A brother and sister from Tucson were sentenced Wednesday to brief prison time for felony obstruction during the breach of the U.S. Capitol on Jan. 6, 2021.

Felicia Konold, 29, was sentenced to 45 days in prison and 24 months of supervised release, the U.S. Attorney’s Office said.

Cory Konold, 28, was sentenced to 30 days in prison and 24 months of supervised release.

Cory Konold, shown here near the U.S. Capitol on Jan. 6, 2021. 

Both pleaded guilty in November to the charge of obstruction of law enforcement during civil disorder and aiding and abetting, for which each could have been sentenced to up to five years in prison.

Before taking that plea agreement, the Konolds were originally charged in the case with conspiracy, civil disorder, obstruction of an official proceeding, knowingly entering or remaining in a restricted building or grounds without lawful authority, and disorderly conduct on Capitol grounds.

They were sentenced Jan. 24 by U.S. District Court Judge Timothy J. Kelly in Washington, D.C.

Federal prosecutors had asked that Kelly send Felicia Konold to prison for six months and Cory to prison for three months.

“The higher recommendation for Felicia Konold reflects her aggravated conduct, including outfitting herself for violence in advance of the riot and celebrating her leading role afterward,” prosecutors told the judge in their sentencing memo.

“Felicia Konold’s own diary entries reflect a degree of preparation for the riot and that her ‘pre-planning notes’ show that she ‘fully anticipated that she would be engaged in violence,’ “ they wrote.

Her list of items to bring to the Capitol included “bear spray, gauze, bandages, pain medications, Vaseline, and ‘quick clot,’ an apparent reference to a stop-bleeding aid,” according to prosecutors.

Both Konolds were on the front lines along with members of the Proud Boys from Kansas City, whom they marched with, the government said.

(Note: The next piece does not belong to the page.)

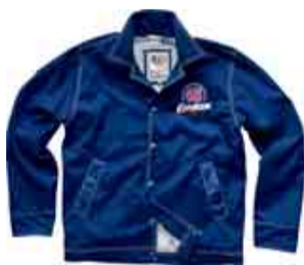
CORTAVIENTOS RESISTENTE AL AGUA, ES DE NAILON Y LLEVA SERIGRAFÍA DEL CAMPEONATO DE 1948. 130 €

The siblings used “the force of their bodies to try to push back the barriers and officers” outside the Capitol, trying “to overpower the police in a shoving match,” the U.S. Attorney’s Office said. After illegally entering the building, they took part in chasing police out of the Capitol Crypt, the prosecutors added. They said Felicia Konold incited other rioters and encouraged them to fight physically with police.

In Felicia Konold’s diary, prosecutors told the judge, “she acknowledged how much resistance from law enforcement she and her co-defendants had overcome — they ‘persisted through rubber bullets, chemical sprays, baton beating, physical resistance and doors’ — and noted what she believed to be the historical significance of their achievement — they ‘occupied the Capitol building in Washington [for the first time] since the British hundreds of years ago.’ ”

The journal celebrated that this caused “the politicians to run SO FAST from their seats.”

Prosecutors wrote, “The January 6 riot was a violent attack that threatened the lives of legislators and their staff, interrupted of the certification of the 2020 Electoral College vote count, did irrevocable harm to our nation’s tradition of the peaceful transfer of power, caused more than $2.9 million in losses, and injured more than one hundred police officers.”

In another of Felicia Konold’s diary passages, also included in the court records, she wrote that she had found her “life purpose,” “to make sure good TRUMPS Evil.”

After Jan. 6, Felicia Konold took to social media and bragged about her role in the riot, prosecutors said.

“I never could have imagined having that much of an influence on the events that unfolded today,” she posted, according to prosecutors. “Dude, people were willing to follow.”

“Cory’s actions at the Capitol, as compared to Felicia’s, were less egregious and appear more akin to those of someone tagging along with his sister, the driving force of the pair,” prosecutors wrote.

But they said “he joined her in stampeding over the fences, shoving against the barricades, and pursuing fleeing officers through the building.”

They also said Cory Konold took a police riot helmet that he “triumphantly brandished” as a “trophy” at the Capitol and that he took it home after the melee.